**Task brief:** Restate word for word the opening line of the data below and every line after it until the line with "Au rez-de-chausée, vous", that line too, but not the pictures.

**Available data:**

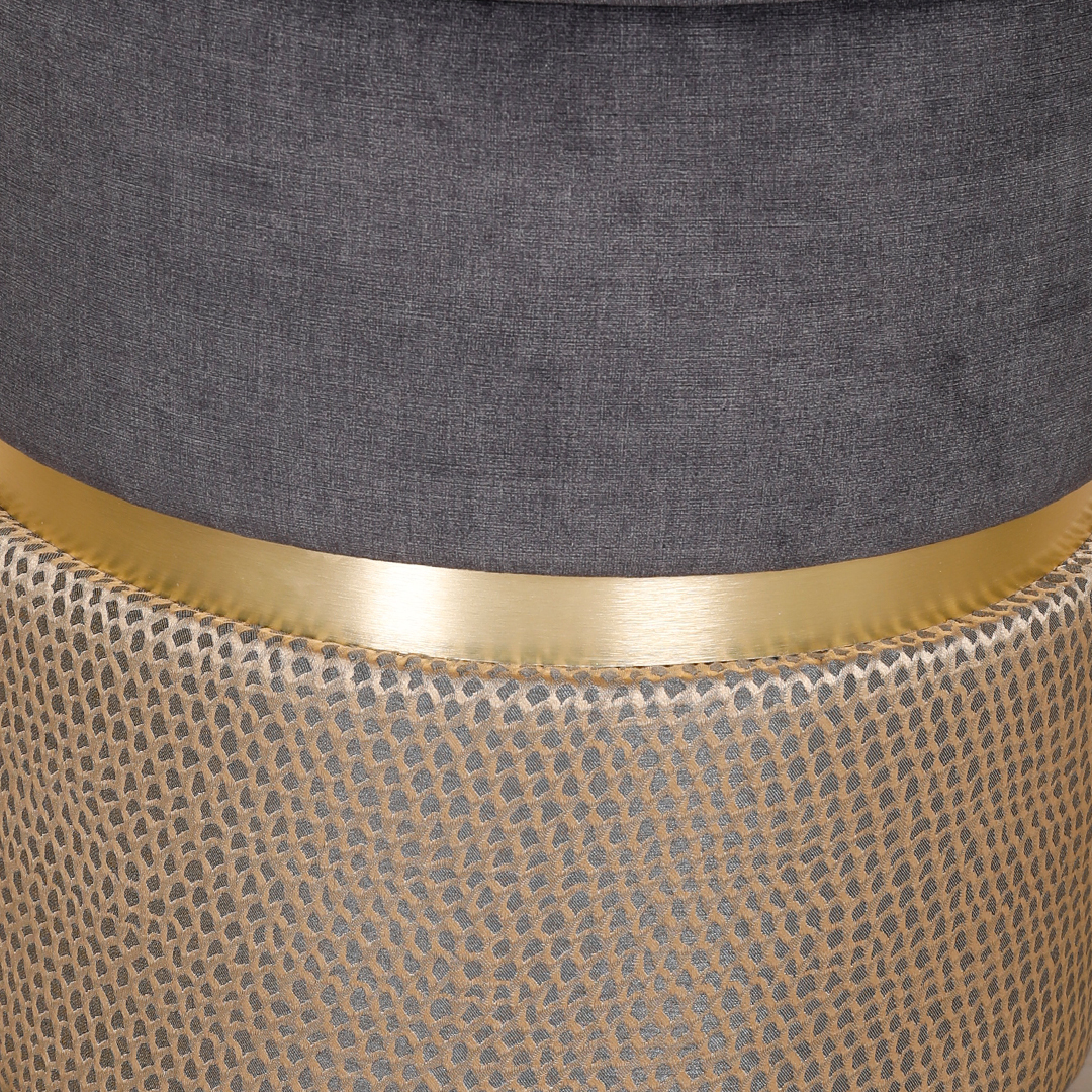 The Melis Cube is available in x 1 quantity as per seen, in the top navy velvet and bottom shimmery pattern upholstery. Finalising with the brushed gold aluminium band for the captivating factor!
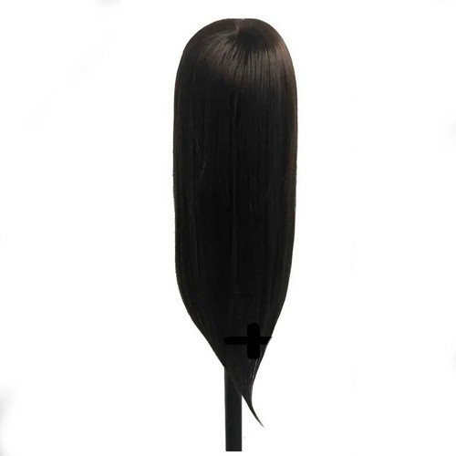 Cabeça Sintética Castanho Escuro + Suporte + Tesoura Kit Pentes
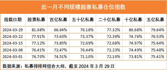 分規(guī)模來看,截止3月29日,十億規(guī)模私募倉位最高,為80.68%;百億私募更偏保守,倉位指數(shù)最低,為66.04%。
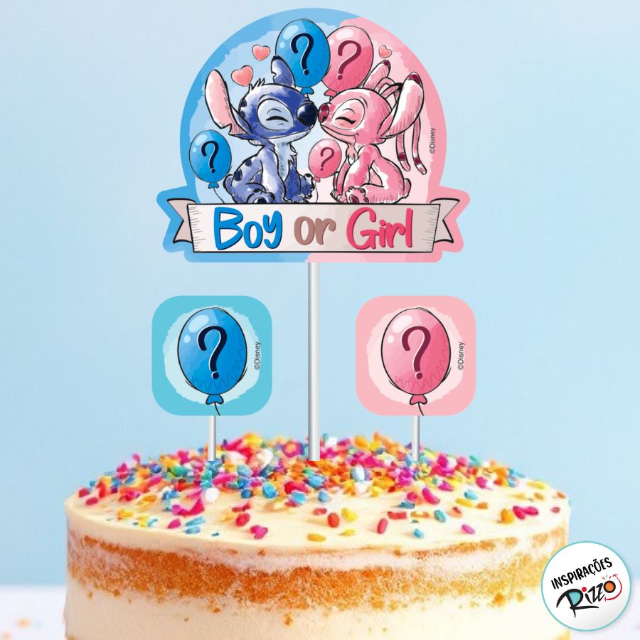Nosso topo de bolo é extremamente versátil e pode ser utilizado em diversas partes da decoração chá revelação, especialmente no bolo, dando um toque especial a cada detalhe da sua festa de revelação. Não perca a oportunidade de tornar a sua chá revelação Stitch e Angel um verdadeiro sucesso!
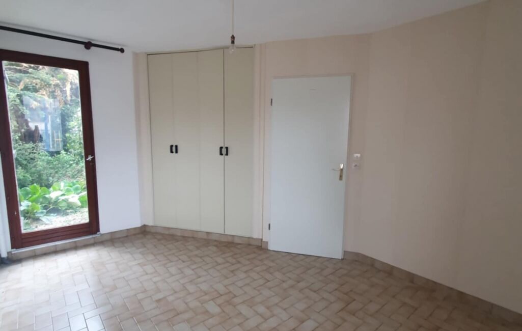 Au rez-de-chausée, vous trouverez une piéce de 12 m2 pouvant servir de bureau ou d'une chambre avec un accés vers l'extérieur, un grand garage et un WC
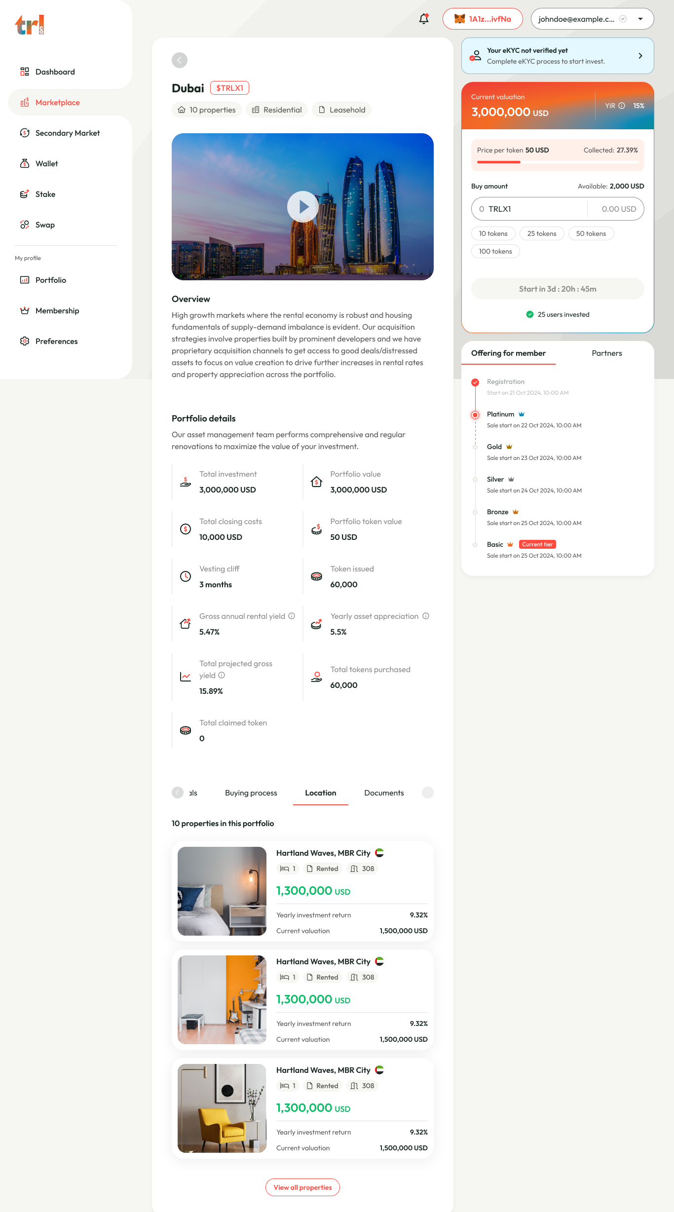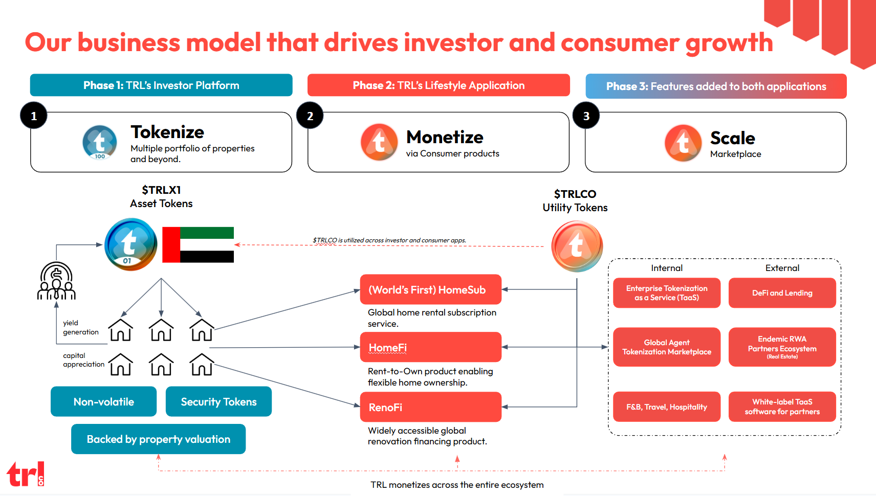 In the short term, we offer investors a solution to invest in multiple properties with a single click, at a fraction of the cost, allowing for greater diversification and a less risky approach to yield generation. This includes incorporating decentralized finance (DeFi) features, such as lending and borrowing, which enable investors to maximize their returns while enjoying seamless access to a variety of asset classes. By bridging these gaps, TRL aims to revolutionize how real estate is invested in and managed, providing a more dynamic and efficient platform for all participants.
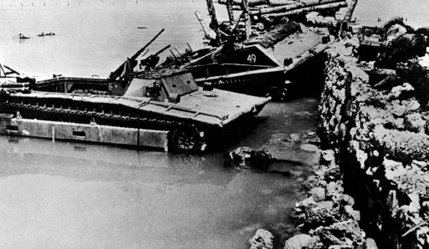 The horrific losses suffered by the first wave reached 70% of the men who landed with the first 42 LVT-1s. The second and third waves met the same fate as the first, causing the reinforcements, Major Kyle’s 1/2nd Battalion and Major Ruud’s 3/8th, to be released. The coral reef stopped these reinforcements as well, which began to be decimated by Japanese fire.
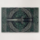 Un design celtique dans les tons verts avec une épée courte et des noeuds celtiques.
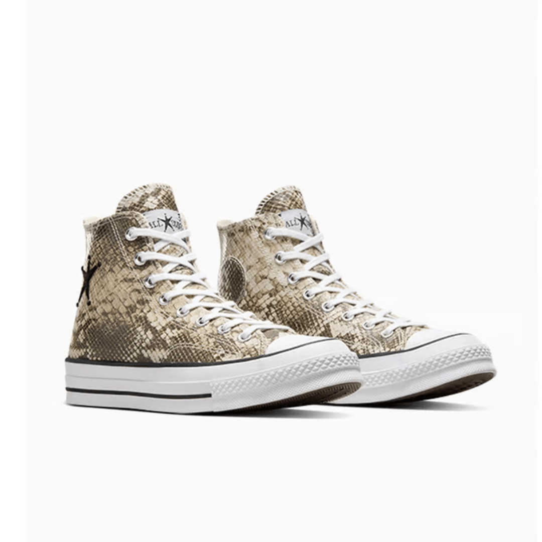 Step up your style game with the Converse Chuck 70 Hi Stüssy Snakeskin A11674C. This exclusive collaboration features a bold snakeskin pattern on the iconic high-top silhouette, merging classic Converse design with Stüssy’s streetwear edge. Crafted with premium materials, the sneaker offers superior comfort and durability, making it perfect for everyday wear. The timeless Chuck 70 details, like the signature toe cap and high-top structure, ensure these standout sneakers are as functional as they are fashionable.
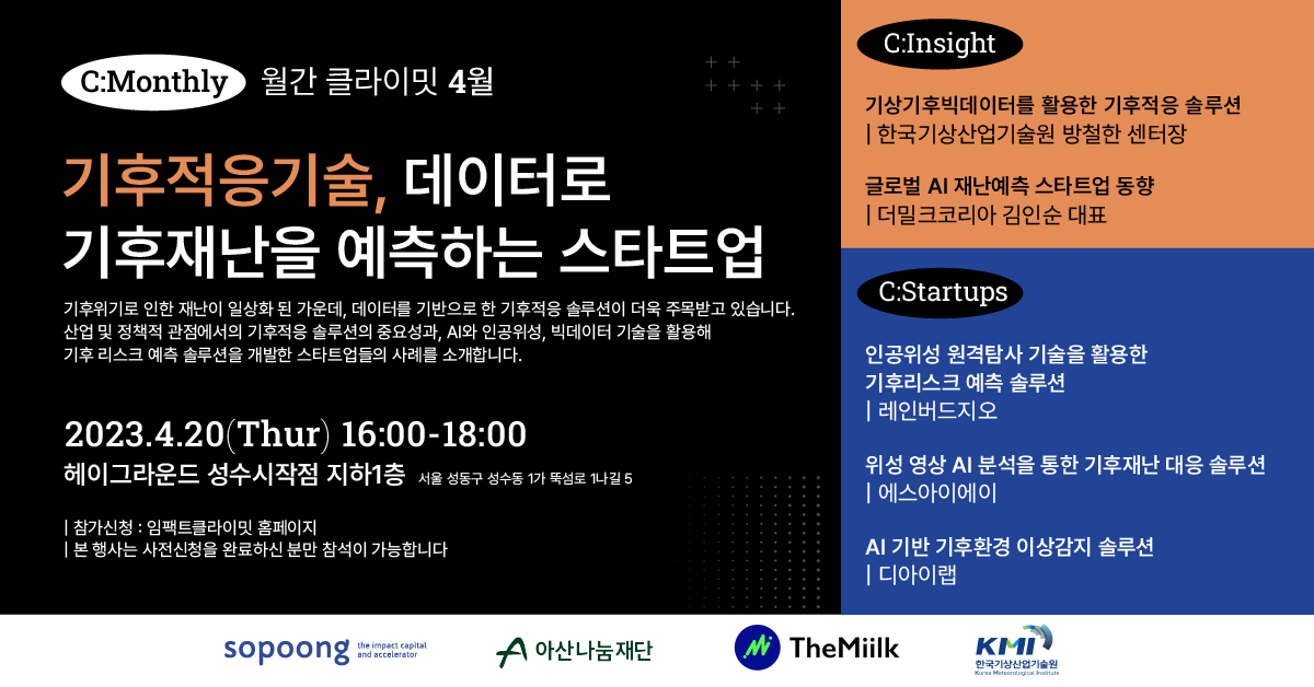 임팩트 투자사 소풍벤처스가 오는 4월 20일 ‘기후적응기술, 데이터로 기후재난을 예측하는 스타트업’이라는 주제로 월간클라이밋 세미나를 개최한다.
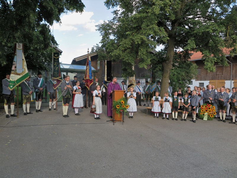 Die Totenehrung, die Diakon Anton Zanker vornahm, fand bei der Vereinslinde statt, die bei der Gründung gepflanzt wurde. 1. Gauvorstand Georg Schinnagl dankte den Vorfahren für den Aufbau der Kultur und der Werte, die bei uns auch heute noch gültig sind oder es zumindest sein sollten. Er ging kurz auf die weltpolitische Lage im Sommer 2018 ein und appellierte an jeden Anwesenden, dass er das Seine dazu beitrage, unser Land und unser Hoamat zu erhalten oder sich bei bereits vergessenen Werten auch wieder auf das Altbewährte zurückzubesinnen.
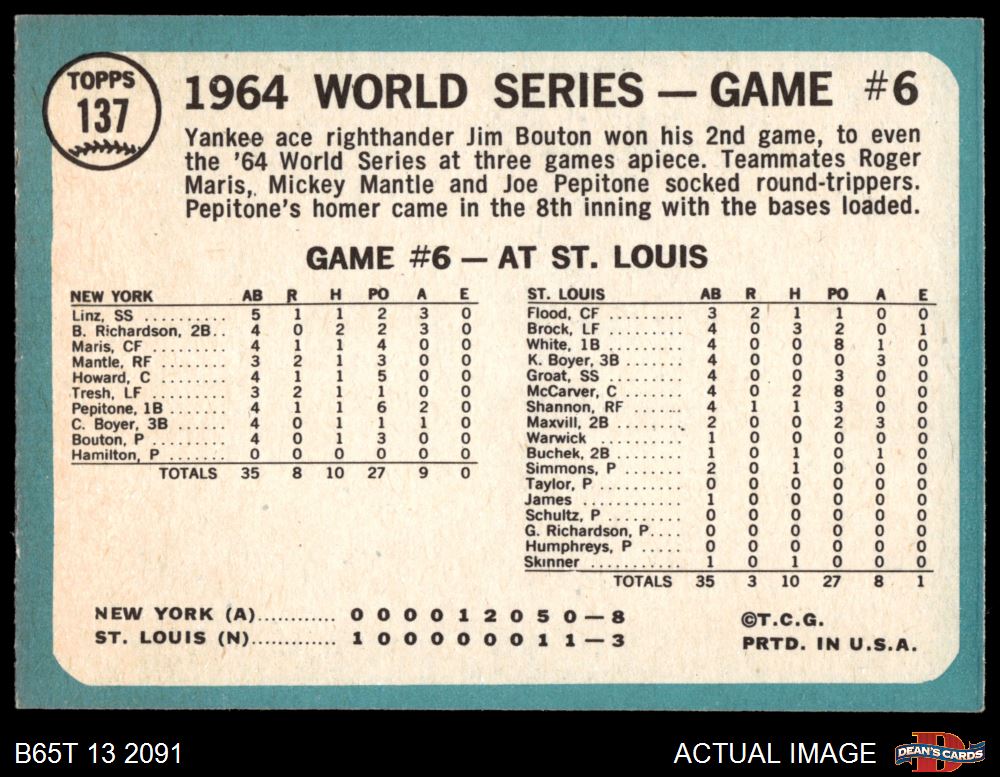 1965 Topps #137 - Jim Bouton 1964 World Series - Game #6 - Bouton Wins Again 6.5 - EX/MT+

**Result below:**
 The Melis Cube is available in x 1 quantity as per seen, in the top navy velvet and bottom shimmery pattern upholstery. Finalising with the brushed gold aluminium band for the captivating factor!
 Cabeça Sintética Castanho Escuro + Suporte + Tesoura Kit Pentes
 分規(guī)模來看,截止3月29日,十億規(guī)模私募倉位最高,為80.68%;百億私募更偏保守,倉位指數(shù)最低,為66.04%。
Nosso topo de bolo é extremamente versátil e pode ser utilizado em diversas partes da decoração chá revelação, especialmente no bolo, dando um toque especial a cada detalhe da sua festa de revelação. Não perca a oportunidade de tornar a sua chá revelação Stitch e Angel um verdadeiro sucesso!
 Au rez-de-chausée, vous trouverez une piéce de 12 m2 pouvant servir de bureau ou d'une chambre avec un accés vers l'extérieur, un grand garage et un WC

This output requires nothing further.